*** Information shown ***

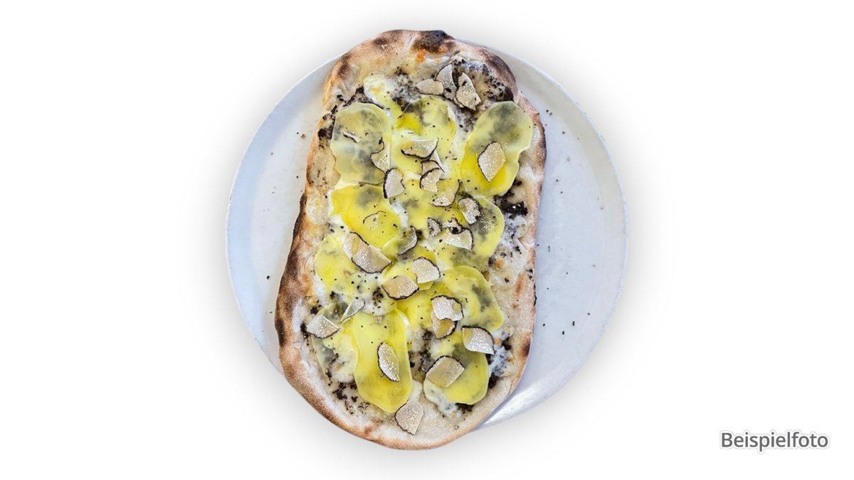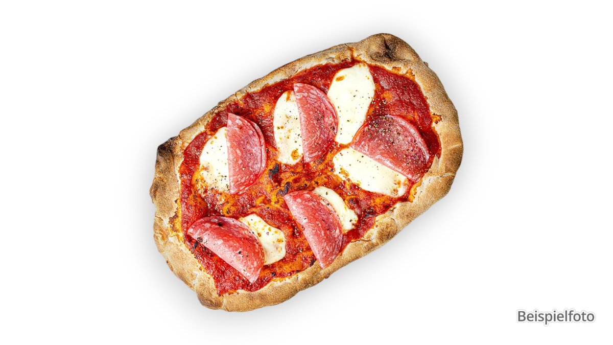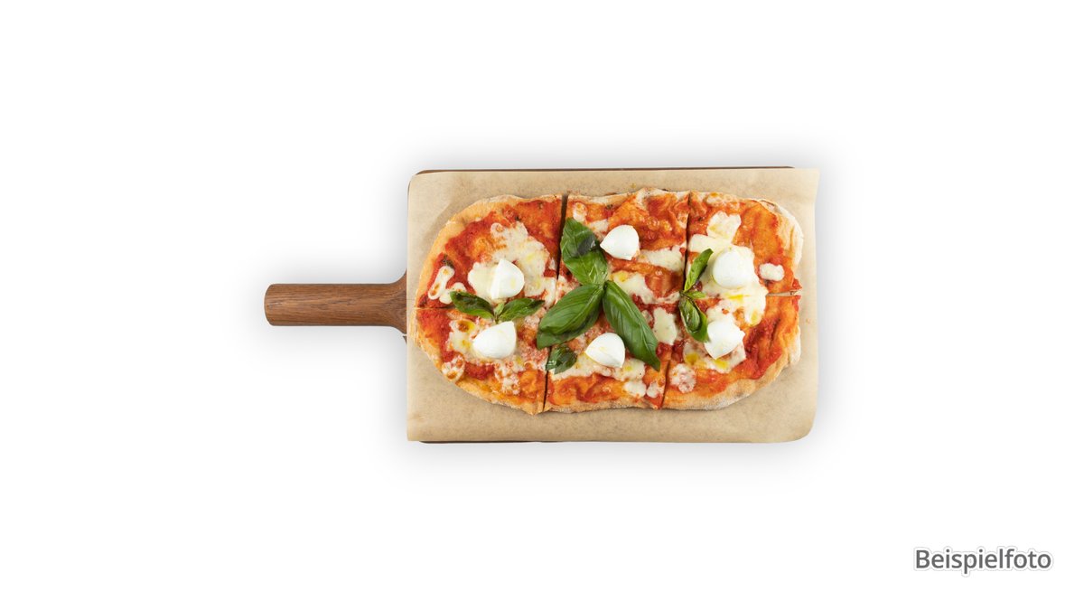 alle Gerichte sind ca. 240 g und werden mit Tomatensoße, Fior di Latte und Oregano zubereitet („Pinsa Quattro Formaggi” wird ohne Oregano zubereitet)
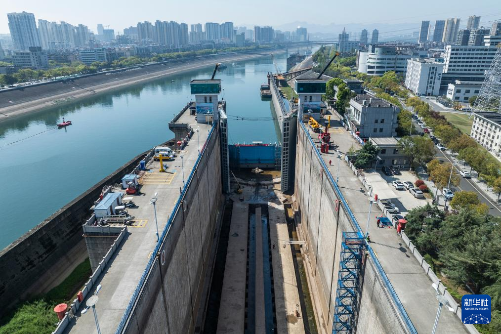 4月2日拍摄的三峡南线船闸停航检修现场(无人机照片)。新华社记者 伍志尊 摄
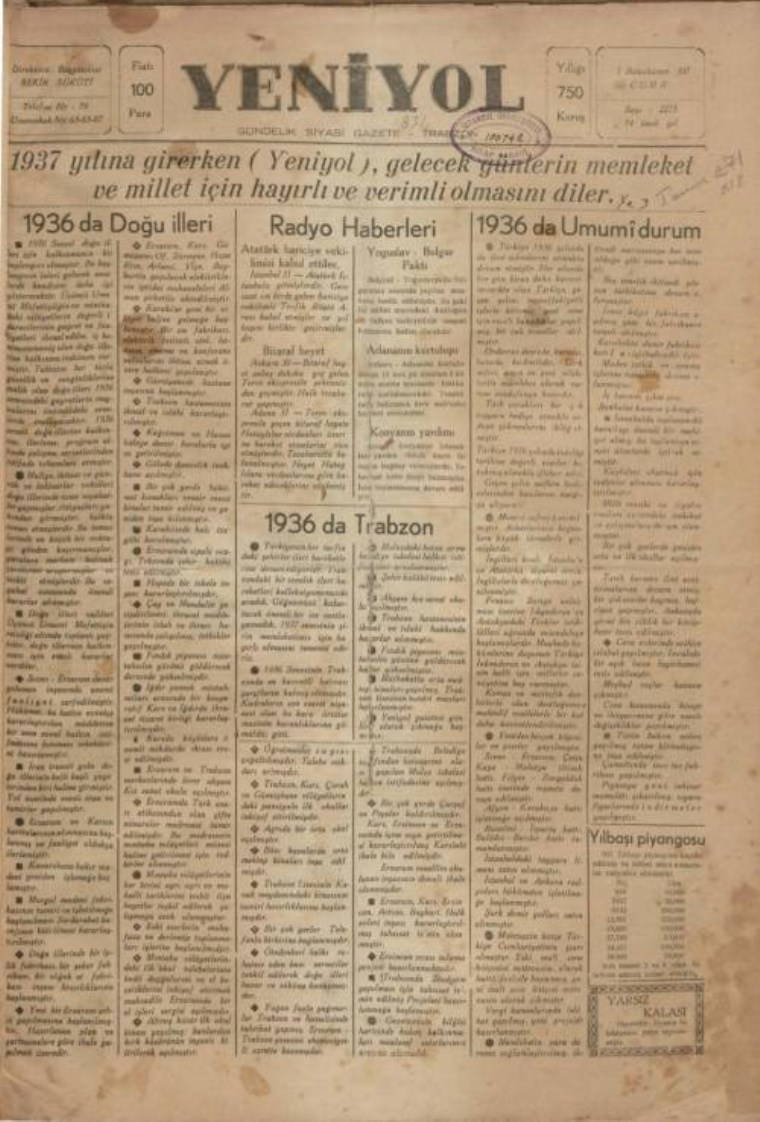 Örneğin, 1936 yılında Trabzon’da günlük olarak çıkmaya başlayan Yeniyol gazetesi, 1 Ocak 1937 tarihli sayısında, Türkiye Cumhuriyeti’nin 1936 yılı bilançosunu şöyle çıkarmıştır:
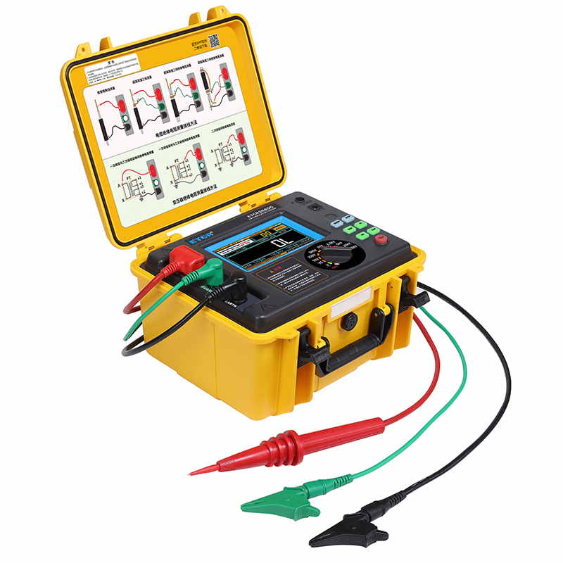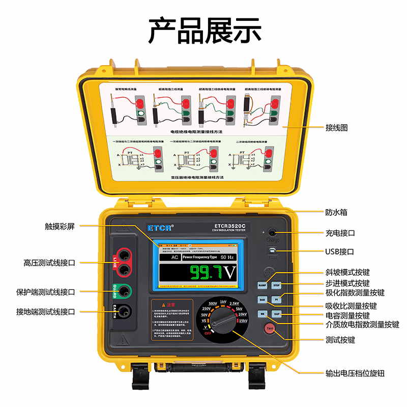 ETCR3520C高壓絕緣電阻測(cè)試儀又稱(chēng)高壓兆歐表、高壓絕緣電阻表,儀表?yè)碛型晟频母鞣N絕緣電阻指標(biāo)測(cè)試功能、自設(shè)測(cè)試電壓功能、良好的抗干擾能力,在變電站等有強(qiáng)感應(yīng)電環(huán)境下、以及在分布電容較大的使用場(chǎng)景下具有明顯優(yōu)勢(shì)。儀表采用真彩觸摸屏,所有測(cè)試數(shù)據(jù)及電池電量同屏顯示一目了然,旋鈕開(kāi)關(guān)和按鍵組合使得操作非常簡(jiǎn)單。用戶(hù)無(wú)需費(fèi)力記憶操作方法,點(diǎn)擊屏幕的“HELP”即可彈出操作方法,有效指引用戶(hù)操作儀表。產(chǎn)品適用于大容量、高壓、強(qiáng)感應(yīng)電環(huán)境下電氣設(shè)備、輸電線(xiàn)路等大型設(shè)備的絕緣電阻測(cè)試。是電力、電信、氣象、機(jī)房、油田、機(jī)電安裝和維修以及工礦企業(yè)供電部門(mén)常用而必不可少的儀表。
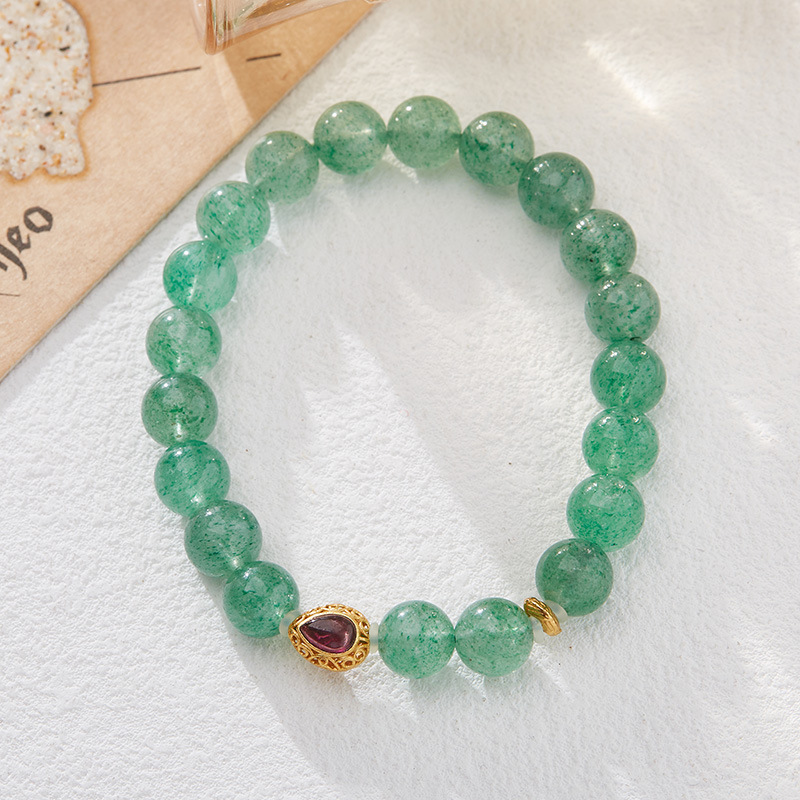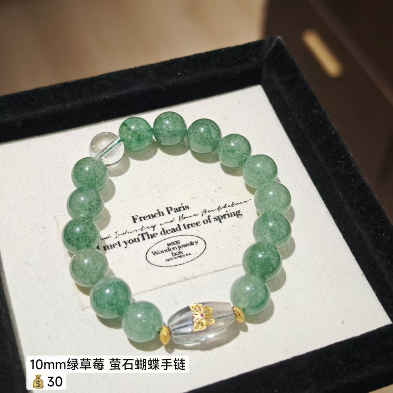 材质:绿草莓晶,925银镀金镶嵌石榴石,925银镀金隔片
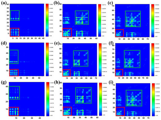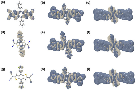 In order to deeply understand the charge transfer characteristics of the molecules in their excited states, we calculated the transition density matrix (TDM) plots, as shown in Figure 9. The TDM plots can be more intuitive in reflecting the information of the ICT as well as the specific contributions of the electrons, holes, and electron-hole overlaps. Here, the red frame region represents the central benzodithiophene moiety, and the green frame region represents the thiophene, phenyl, naphthyl, and difluorinated phenyl or C(CN)2 groups. Based on the calculated TDM results, all the molecules exhibited significant ICT behavior. Except for compounds 1, 3, and 5, the electron-hole pairs of other compounds were mainly localized along with the diagonal element. The results suggest the electron transition involves the whole molecule, which is beneficial for intramolecular charge transfer. Compounds 1, 3, and 5 with the structure of the benzodithiophene are substituted with the phenyl, naphthyl, and difluorinated phenyl groups, and the benzodithiophene is directly combined with the dicyanomethylene end-group. For the small, conjugated distance, for compounds 1, 3, and 5, the twist structure between benzodithiophene and the side substituents (phenyl, naphthyl, and difluorinated phenyl groups) had lost the delocalized electric to a great degree so that the structure-property of compounds 1, 3, and 5 further enhanced the electron-hole transition coherence and did not benefit from ICT, as displayed in Figure 9a,d,g. Among all the compounds, compounds 3, 6, and 9 show the most remarkable ICT effects, followed by the largest molecule conjugation length and smaller Egap. Moreover, the off-diagonal part of the TDM also exhibited the probability of electron transformation, which contributed to the molecule’s charge transfer.
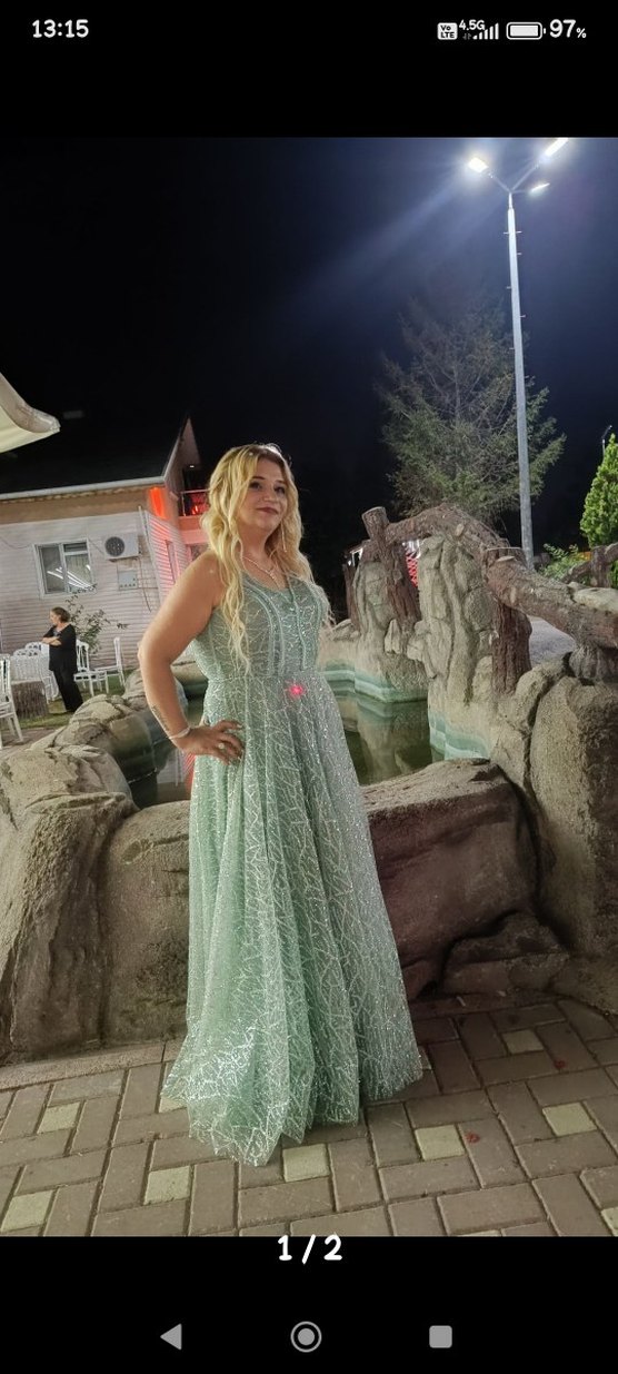 Turkuaz simli parlak cok guzel bi abiye 10.000 tl ye almistim 160 boy 83 kg ile .

***

Task to complete ->
All of the entries need to be copied exactly, minus any pictures.

Result of the exercise ->
 alle Gerichte sind ca. 240 g und werden mit Tomatensoße, Fior di Latte und Oregano zubereitet („Pinsa Quattro Formaggi” wird ohne Oregano zubereitet)
 4月2日拍摄的三峡南线船闸停航检修现场(无人机照片)。新华社记者 伍志尊 摄
 Örneğin, 1936 yılında Trabzon’da günlük olarak çıkmaya başlayan Yeniyol gazetesi, 1 Ocak 1937 tarihli sayısında, Türkiye Cumhuriyeti’nin 1936 yılı bilançosunu şöyle çıkarmıştır:
 ETCR3520C高壓絕緣電阻測(cè)試儀又稱(chēng)高壓兆歐表、高壓絕緣電阻表,儀表?yè)碛型晟频母鞣N絕緣電阻指標(biāo)測(cè)試功能、自設(shè)測(cè)試電壓功能、良好的抗干擾能力,在變電站等有強(qiáng)感應(yīng)電環(huán)境下、以及在分布電容較大的使用場(chǎng)景下具有明顯優(yōu)勢(shì)。儀表采用真彩觸摸屏,所有測(cè)試數(shù)據(jù)及電池電量同屏顯示一目了然,旋鈕開(kāi)關(guān)和按鍵組合使得操作非常簡(jiǎn)單。用戶(hù)無(wú)需費(fèi)力記憶操作方法,點(diǎn)擊屏幕的“HELP”即可彈出操作方法,有效指引用戶(hù)操作儀表。產(chǎn)品適用于大容量、高壓、強(qiáng)感應(yīng)電環(huán)境下電氣設(shè)備、輸電線(xiàn)路等大型設(shè)備的絕緣電阻測(cè)試。是電力、電信、氣象、機(jī)房、油田、機(jī)電安裝和維修以及工礦企業(yè)供電部門(mén)常用而必不可少的儀表。
 材质:绿草莓晶,925银镀金镶嵌石榴石,925银镀金隔片
 In order to deeply understand the charge transfer characteristics of the molecules in their excited states, we calculated the transition density matrix (TDM) plots, as shown in Figure 9. The TDM plots can be more intuitive in reflecting the information of the ICT as well as the specific contributions of the electrons, holes, and electron-hole overlaps. Here, the red frame region represents the central benzodithiophene moiety, and the green frame region represents the thiophene, phenyl, naphthyl, and difluorinated phenyl or C(CN)2 groups. Based on the calculated TDM results, all the molecules exhibited significant ICT behavior. Except for compounds 1, 3, and 5, the electron-hole pairs of other compounds were mainly localized along with the diagonal element. The results suggest the electron transition involves the whole molecule, which is beneficial for intramolecular charge transfer. Compounds 1, 3, and 5 with the structure of the benzodithiophene are substituted with the phenyl, naphthyl, and difluorinated phenyl groups, and the benzodithiophene is directly combined with the dicyanomethylene end-group. For the small, conjugated distance, for compounds 1, 3, and 5, the twist structure between benzodithiophene and the side substituents (phenyl, naphthyl, and difluorinated phenyl groups) had lost the delocalized electric to a great degree so that the structure-property of compounds 1, 3, and 5 further enhanced the electron-hole transition coherence and did not benefit from ICT, as displayed in Figure 9a,d,g. Among all the compounds, compounds 3, 6, and 9 show the most remarkable ICT effects, followed by the largest molecule conjugation length and smaller Egap. Moreover, the off-diagonal part of the TDM also exhibited the probability of electron transformation, which contributed to the molecule’s charge transfer.
 Turkuaz simli parlak cok guzel bi abiye 10.000 tl ye almistim 160 boy 83 kg ile .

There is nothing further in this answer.